• SUPPLIED DATA:
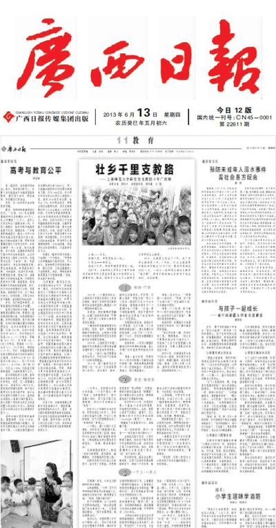自2007年以来,我校研究生支教团志愿服务广西百色田阳山区基础教育,支教团员的出色表现不仅获得了广西壮族自治区教育厅、共青团广西壮族自治区委员会的肯定,也引发了当地媒体的报道。近日,《广西日报》在教育版头条刊发了关于我校研究生支教团服务广西百色地区的长篇通讯。现摘录如下:
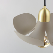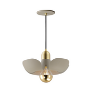 Incurved metal petals of Storm Grey or White finish with Satin Brass caps make oversized biophilic light fixtures. Available as wall sconces or pendants, the various configurations provide playful forms both nostalgic or youthful. Pair with a white G25 lamp or reflector lamp to complete the look.
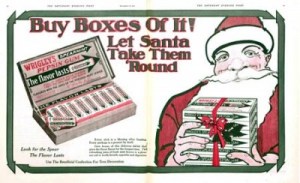 Now that Thanksgiving is over, it’s onto the Christmas season. And since it starts on Black Friday, I begin my holiday blog roll with my 4th annual Christmas ad post. Of course, I featured one depicting Santa Claus advertising Coca Cola. Yes, I know he’s not setting a good example since he’s promoting a soft drink that’s responsible for obesity and diabetes. But his association with Coca Cola is so well known that it’s iconic. Though as we’ve all seen, Coca Cola hasn’t been the only company to use Santa Claus to sell their product. In fact, far from it. Nor has Coca Cola been the first company to do so. Nevertheless, you’ll find plenty of ads plastered all over the place for Black Friday sales despite that you’re better off shopping for Christmas gifts in December. So if you have anything better to do, perhaps you might want to look into another installment of these vintage ads. Of course, you might think they’re filled with rosy imagery meant to tingle at your nostalgia. But I usually go for the ones that haven’t aged so well and contain disturbing implications. Whether it’s accidental innuendos, creepy kids, bad health advice, and what not. So for your reading pleasure, I give you another treasure trove of crazy vintage Christmas ads.

• TASK DETAILS: For this exercise, transcribe the data exactly but without its pictures.

• WRITTEN RESPONSE:
自2007年以来,我校研究生支教团志愿服务广西百色田阳山区基础教育,支教团员的出色表现不仅获得了广西壮族自治区教育厅、共青团广西壮族自治区委员会的肯定,也引发了当地媒体的报道。近日,《广西日报》在教育版头条刊发了关于我校研究生支教团服务广西百色地区的长篇通讯。现摘录如下:
 Incurved metal petals of Storm Grey or White finish with Satin Brass caps make oversized biophilic light fixtures. Available as wall sconces or pendants, the various configurations provide playful forms both nostalgic or youthful. Pair with a white G25 lamp or reflector lamp to complete the look.
 Now that Thanksgiving is over, it’s onto the Christmas season. And since it starts on Black Friday, I begin my holiday blog roll with my 4th annual Christmas ad post. Of course, I featured one depicting Santa Claus advertising Coca Cola. Yes, I know he’s not setting a good example since he’s promoting a soft drink that’s responsible for obesity and diabetes. But his association with Coca Cola is so well known that it’s iconic. Though as we’ve all seen, Coca Cola hasn’t been the only company to use Santa Claus to sell their product. In fact, far from it. Nor has Coca Cola been the first company to do so. Nevertheless, you’ll find plenty of ads plastered all over the place for Black Friday sales despite that you’re better off shopping for Christmas gifts in December. So if you have anything better to do, perhaps you might want to look into another installment of these vintage ads. Of course, you might think they’re filled with rosy imagery meant to tingle at your nostalgia. But I usually go for the ones that haven’t aged so well and contain disturbing implications. Whether it’s accidental innuendos, creepy kids, bad health advice, and what not. So for your reading pleasure, I give you another treasure trove of crazy vintage Christmas ads.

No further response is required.